Oh. Great. That’s… that’s great, says Igraine. She is, Malory assures us, completely thrilled by the knowledge that her new husband used magic to disguise himself as her late husband and sleep with her. This is way better, she thinks, than any of the alternatives. So, that’s nice.
Anyway, Merlin shows up and reminds the king about how he knew Igraine would be pregnant and how Uther promised Merlin the child, and Uther is like, oh, right, well, she’s not due for another few months, do you want to cut it out of her immediately or should we wait until it’s born, and will you want to eat it raw or should we cook it first or what?
Merlin is like no, no, no. There’s this guy — Sir Ector — who you should invite to visit. Have a sit-down chat with him, you’ll see he’s a reasonable guy, and get him to promise to raise your son as if it were his own. He’ll do a great job, I promise.

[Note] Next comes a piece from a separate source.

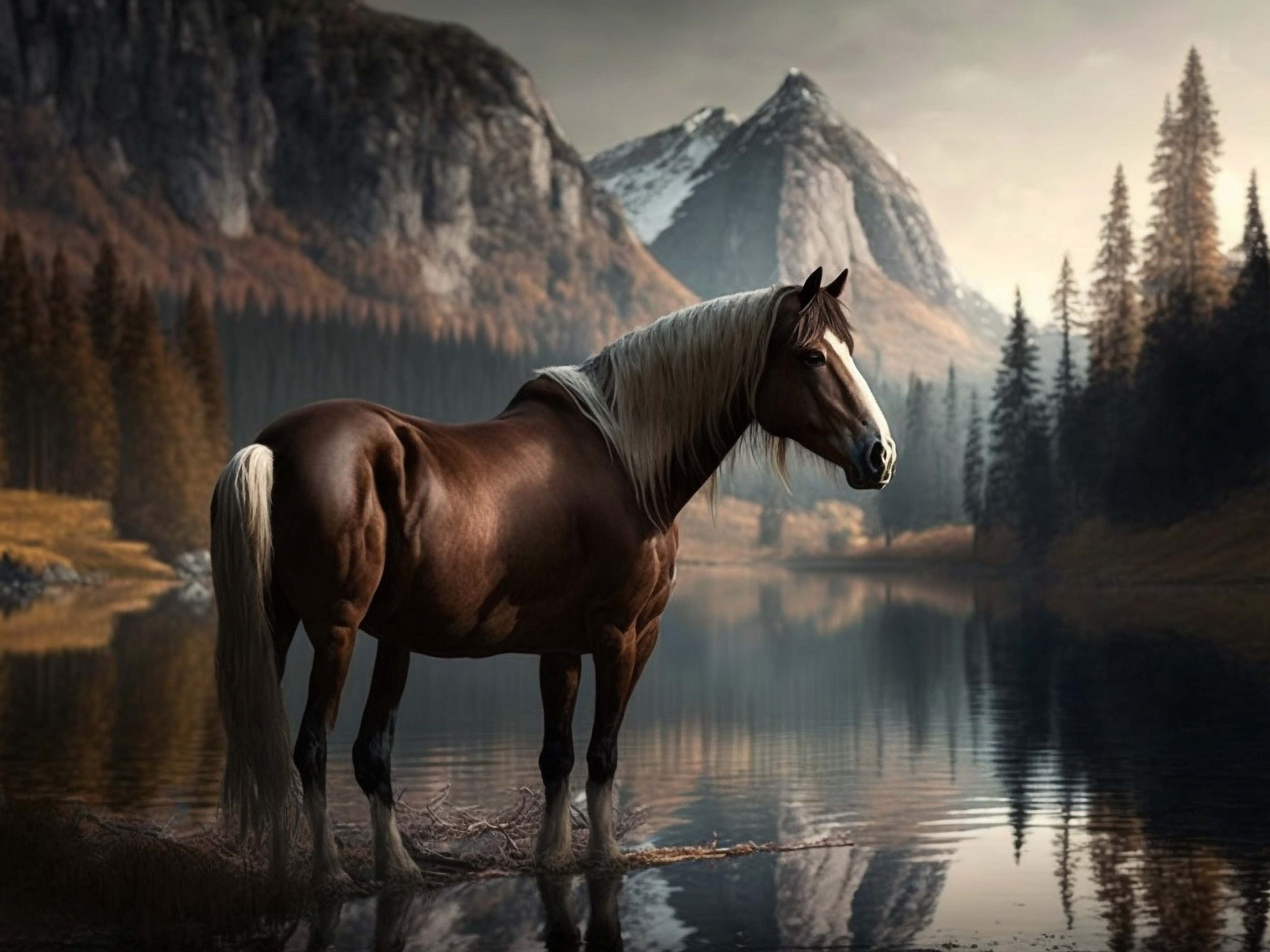 Назад к обои лес, пейзаж, горы, природа, конь, берег, лошадь, графика

Uther isn’t about to start disagreeing with Merlin at this point, so he meets Ector, extracts the aforementioned promise, and when the infant boy is born, boom, Uther sends two knights and two ladies to carry him off. Uther has no idea how to keep a secret; it’s Castle Tintagil all over again. Uther couldn’t just have Merlin disguise him, no, Merlin had to also disguise himself and Sir Ulfius, which meant that they had to hang out and make small talk with the folks at Tintagil all night, dodging questions like “why aren’t you at Terrabil?” and “join me in a round of our beloved fight song, Brastias,” and “hey, remember that conversation we were having last time we met, Jordanus? We were discussing the personal details of mutual friends. Let’s pick it up where we left off.”
Anyway, Uther sends this detachment of lords, plural, and ladies, also plural, to the rear gate of the castle, where Merlin is standing tapping his foot (more evidence that Merlin is a vampire and cannot enter homes uninvited). Merlin had made a big deal about how he wanted the baby unbaptized, but first thing he does, he goes and gets a “holy man” to baptize Arthur. Merlin turns infant Arthur over to Ector, who kicks his own son (Kay) off to a wet-nurse so that his wife, whose milk is aristocrat milk and therefore better I guess, can nurse Arthur.
The chapter closes without addressing how Igraine reacted to Uther stealing her newborn son and giving him to Merlin. Probably everyone assumed that Arthur was stillborn, what with it being the middle ages and all. I like to imagine Uther’s solution to this issue was to laugh and tell Igraine that she was never pregnant, because Uther is such a jackass. I hope he dies in the next chapter, which is still titled “Of the Death of King Uther Pendragon.” (No spoilers!)
DISCUSSION QUESTION: If you were Igraine, what would be the best-case scenario for explaining your pregnancy? Would it be time-travel? I’m going with time travel. I like time-travel.
Vocabulary word of the chapter: fianuce, which Google thinks is a misspelled fiance, but is in fact a synonym for promise or oath, as in, “Ector made fianuce to Uther for to raise Arthur as his own.”
Before I got to your discussion question, I was actually going to ask if she offered up the most reasonable and obvious of explanations: Time Travel! Perhaps she will figure this out eventually and solve this dilemma with MORE time travel!
More time travel *does* always solve everything!
And if time travel doesn’t solve everything, you know what hat more always does.
Igraine is so Griselda.
http://en.wikipedia.org/wiki/Griselda_%28folklore%29
Weird. The family tree of the Pandava makes more sense than this.